Exercise brief:
Write out again, exactly as they appear, the lines from the start of the data below through the line with "諷刺的是,現(xiàn)在臺"; no pictures.

Dataset section:
═══

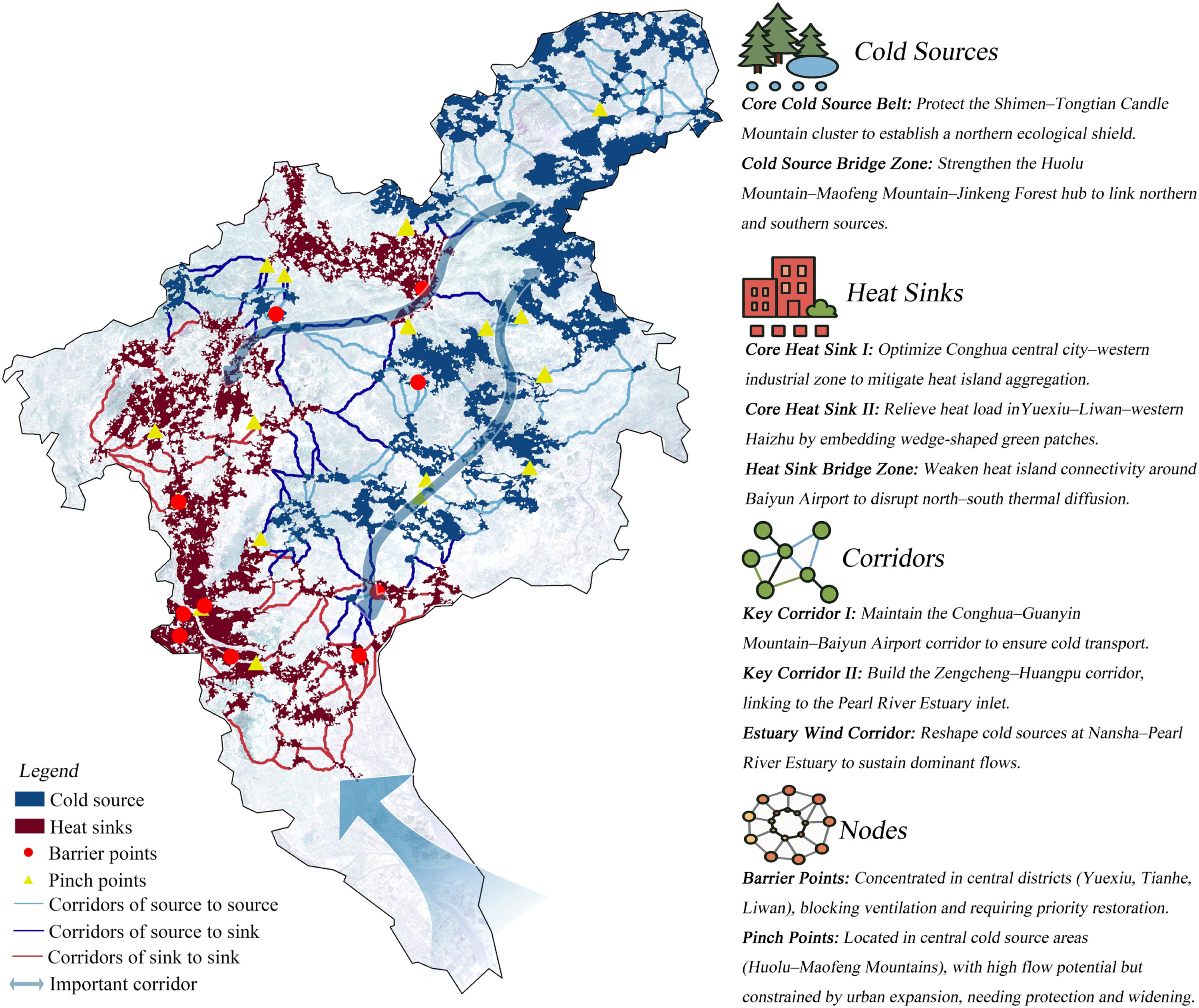 在全球气候变化与快速城市化的双重压力下,高密度超大城市热环境系统日益复杂,热风险加剧且呈现显著的空间异质性。该研究以广州为典型案例,基于多期城市热环境演变数据,从网络化视角系统识别在不同时段和空间情景下对城市通风与热环境调节具有关键作用的核心廊道与节点,揭示通风网络结构、冷源—热汇格局与热环境调控效能之间的时序耦合关系,为城市通风体系的动态评估、优化与管控提供了新的方法路径。
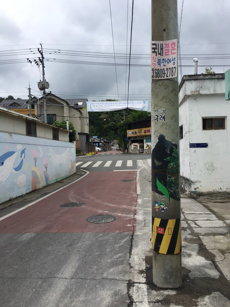 전봇대에 붙어 있는 결혼 광고. 익숙하게 '국제결혼'을 보다가 '국내 결혼'을 보니 낯설다. 참한 북한 여성이라니.
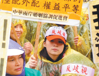 諷刺的是,現(xiàn)在臺(tái)灣上下只想賺大陸人的錢,挹注臺(tái)灣頹圮的經(jīng)濟(jì)。可臺(tái)灣社會(huì)有善待人家的女兒?jiǎn)?政策不公無(wú)形中增加大陸配偶的高離婚率。
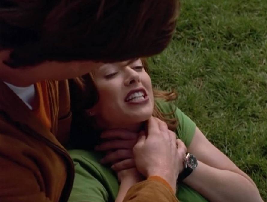 Yeah sure fine whatever. Thankfully we have Maggie meet a double of Maggie, who, ha ha ha, is actually exactly the same as Maggie-Prime. So we get the ridiculous scene where Maggie tells Quinn basically how to get her naked in order to get the timer back.

═══

Result of the task:
 在全球气候变化与快速城市化的双重压力下,高密度超大城市热环境系统日益复杂,热风险加剧且呈现显著的空间异质性。该研究以广州为典型案例,基于多期城市热环境演变数据,从网络化视角系统识别在不同时段和空间情景下对城市通风与热环境调节具有关键作用的核心廊道与节点,揭示通风网络结构、冷源—热汇格局与热环境调控效能之间的时序耦合关系,为城市通风体系的动态评估、优化与管控提供了新的方法路径。
 전봇대에 붙어 있는 결혼 광고. 익숙하게 '국제결혼'을 보다가 '국내 결혼'을 보니 낯설다. 참한 북한 여성이라니.
 諷刺的是,現(xiàn)在臺(tái)灣上下只想賺大陸人的錢,挹注臺(tái)灣頹圮的經(jīng)濟(jì)。可臺(tái)灣社會(huì)有善待人家的女兒?jiǎn)?政策不公無(wú)形中增加大陸配偶的高離婚率。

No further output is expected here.